The one word explanation is MacCarthy. A longer explanation follows.

And then remember too, that most of what I am writing about are the effects in public education which is directly managed by the politics of state officials. Meanwhile, places like The Institute for Social Research was not a public institution, so it could afford a certain amount of independence.

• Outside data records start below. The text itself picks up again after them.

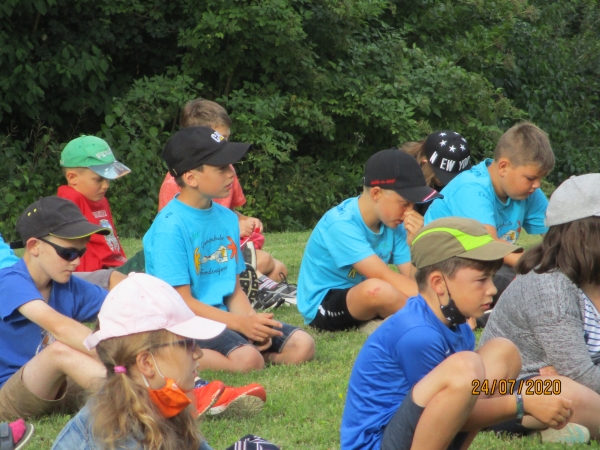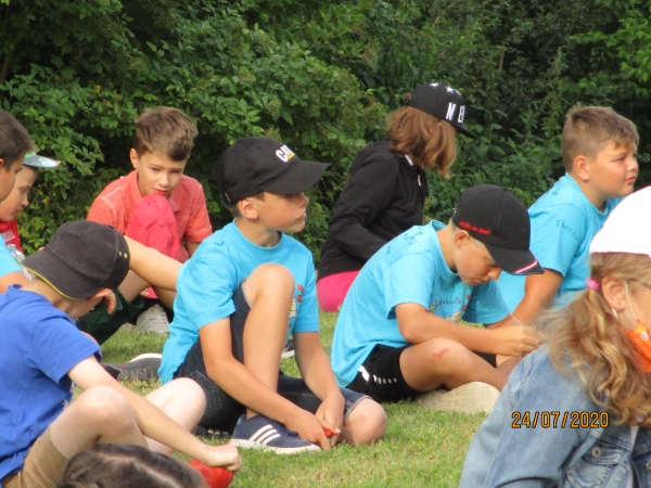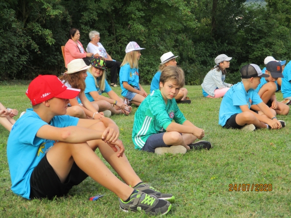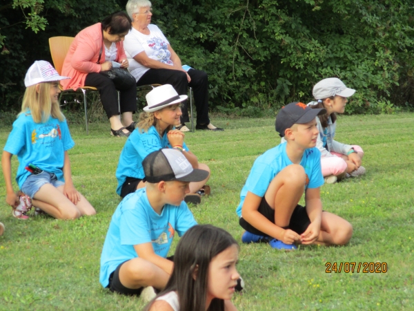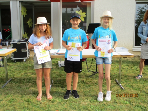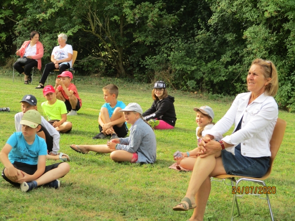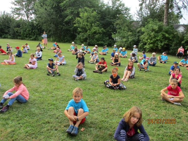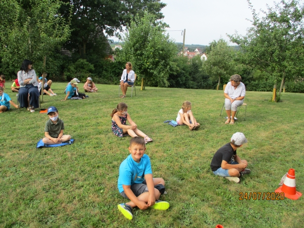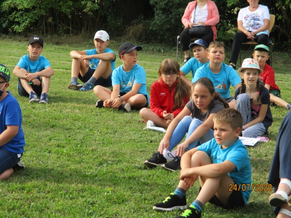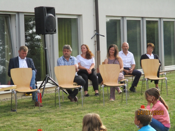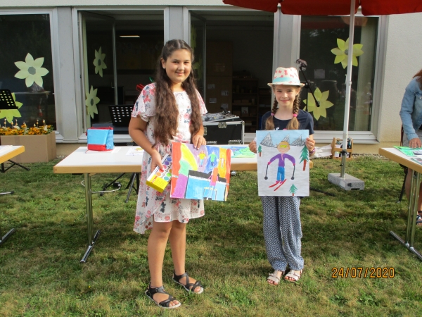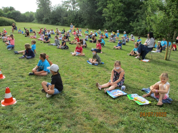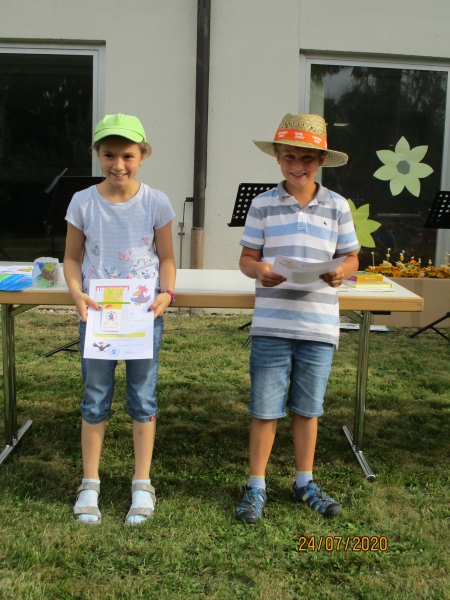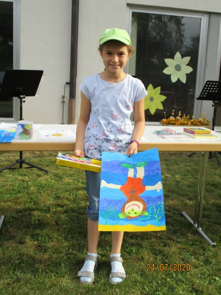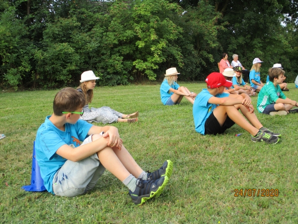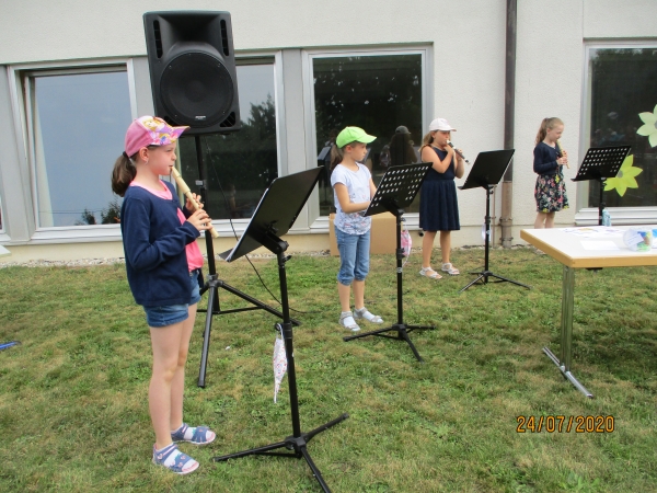 Eine etwas andere Andacht feierten wir am letzten Schultag. Wir konnten gemeinsam draußen auf der Wiese mit Pfarrer Layh und Pfarrer Kammerlander hinter dem Schulhaus beten und singen. Das Wetter machte gut mit und es wurde nicht zu heiß, so konnten wir anschließend unsere Ehrungen durchführen. Die besten Leser im Antolin-Online-Programm wurden ausgezeichnet, die besten Sportler beim Gerätturnen, die Sieger des Malwettbewerbes und die Gewinner des Luftballonwettbewerbs konnten geehrt werden. Sie erhielten Sachpreise, Bücher und Büchergutscheine oder eine kleine Süßigkeit.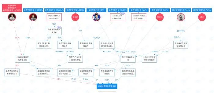 阿里巴巴间接持有申通14.65%的股权。数据来自企查查。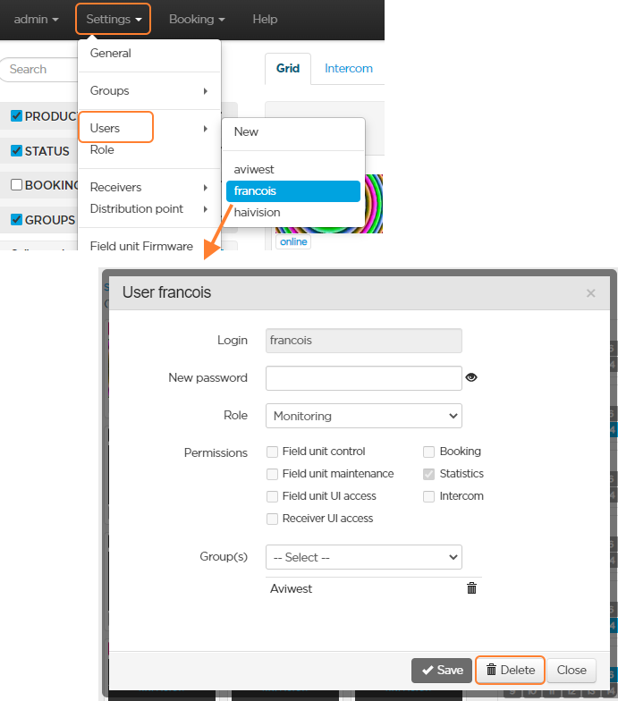 The user account is deleted. If a user was logged in to the Manager web interface with the deleted user account, he is automatically logged out.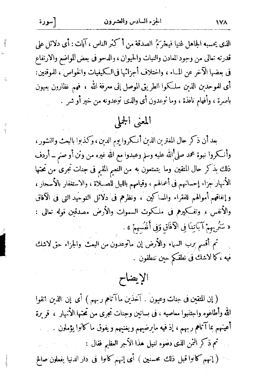 بعد أن ذكر حال المغترين الذين أنكروا يوم الدين، وكذبوا بالبعث والنشور، وأنكروا نبوة محمد صلى الله عليه وسلّم وعبدوا مع الله غيره من وثن أو صنم- أردف ذلك ذكر حال المتقين وما يتمتعون به من النعيم المقيم فى جنات تجرى من تحتها الأنهار، جزاء إحسانهم فى أعمالهم، وقيامهم بالليل للصلاة، والاستغفار بالأسحار، وإنفاقهم أموالهم للفقراء والمساكين، ونظرهم فى دلائل التوحيد التي فى الآفاق والأنفس، وتفكيرهم فى ملكوت السموات والأرض مصدقين قوله تعالى: «سَنُرِيهِمْ آياتِنا فِي الْآفاقِ وَفِي أَنْفُسِهِمْ» .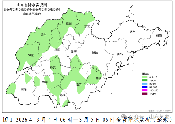 3月4日06时至5日06时,全省共有12市、45县(市、区)出现降水,平均降水量0.2(毫米,下同),折合水量约0.3亿方。各市平均:聊城1.2、德州0.9、济南0.2、滨州0.2、东营0.1、泰安0.1、临沂0.1、枣庄0.1、济宁0.1和日照0.1,其他市降水量不足0.1或无降水。县(市、区)平均降水量超过1.0的10个,前3位的是:聊城茌平2.2、聊城市区1.9和聊城东阿1.7。今年以来全省平均降水量33.4,较常年同期偏多10.6(46%)。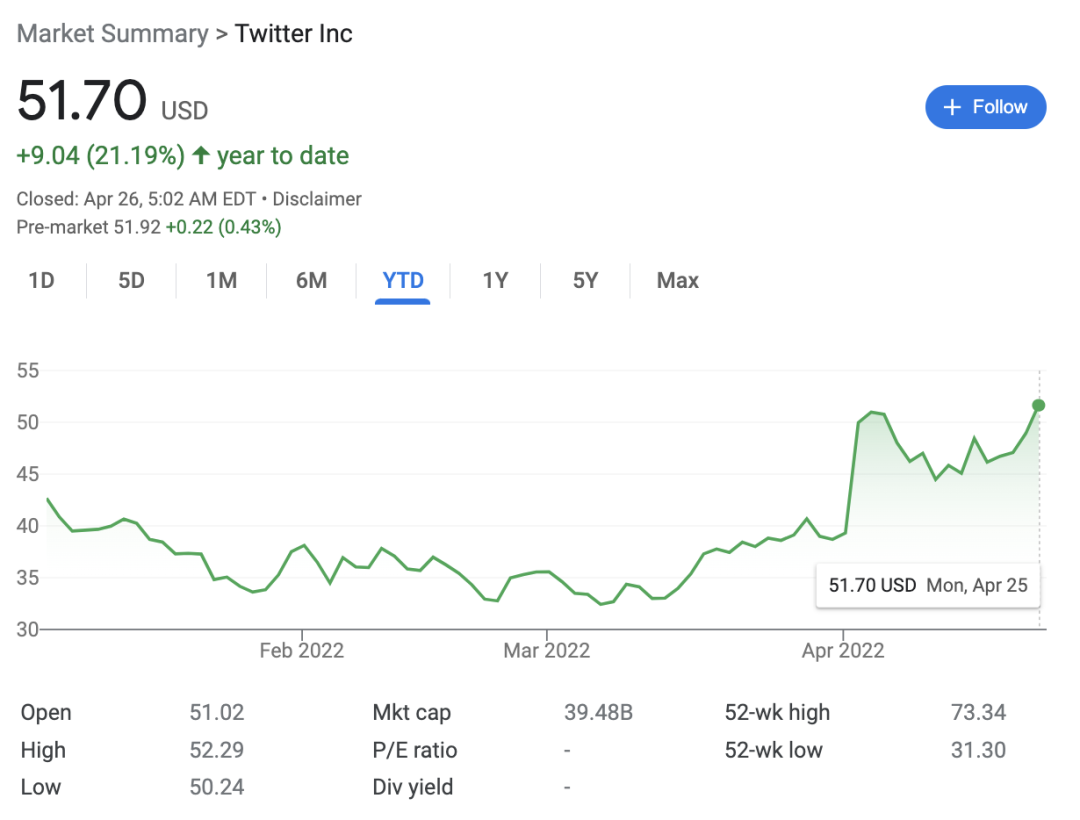 受收购消息影响,Twitter股价出现攀升,周一小幅上涨至51.7美元,今年以来上涨21.19%,在股市一直不太吃香的Twitter已经跑赢了其他科技股和大盘。Twitter定于周四公布Q1业绩,其表示周四当日将不再与分析师举行电话会议。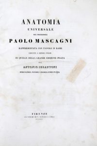 MASCAGNI Paolo, Anatomia universale [...] rappresentata con tavole in rame ridotte a minori forme di quelle della grande edizione pisana per Antonio Serantoni... In Firenze : co' Torchi di V. Batelli e figli, 1833.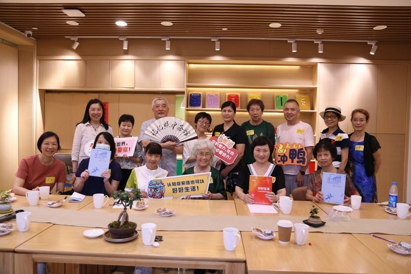 她希望能給他們提供彼此支持、交流經(jīng)驗的社交平臺。而她也漸漸發(fā)現(xiàn)最了解家屬需求的是他們自己。為什么不能由家屬自己來決定討論什么呢?于是,2020年,汪達民與顧春玲一拍即合,在延續(xù)國外“記憶咖啡館”理念的基礎(chǔ)上,開創(chuàng)了本土特色的認知癥家屬互助平臺:照護茶館。畢竟,茶館就是熱鬧的、七嘴八舌的,人們來這里消遣娛樂,釋放壓力。在照護茶館里,家屬們既是掌柜也是茶客,分享各種照護信息,這也是認知癥患者照護者們希望得以喘息的方式。

Just think about the dates mentioned. During the 30s through 40s in the US, there was quite a bit of left-liberal cultural production in writing and art. The Frankfurters left the US because of the rise of the US right and its anti-communist politics. Thomas Mann and much of the LA German emigre community split about the same time. The Hollywood HUAC hearings were known for their chilling effect on any form of socialist-realism or neo-realism in film---the kind of social comentary and documentary style that had some popular following. The movie studios figured it out pretty quickly. America wasn't supposed to look like a dirty, sorted, crime ridden, repressive, racist, psychopathic, politically corrupt nightmare as portrayed in cinema noir. No sir. America was beautiful, filled with beautiful people, who always had above average children. We are cleaning up the West. Movies like Night of the Hunter and The Bad Seed told a different story.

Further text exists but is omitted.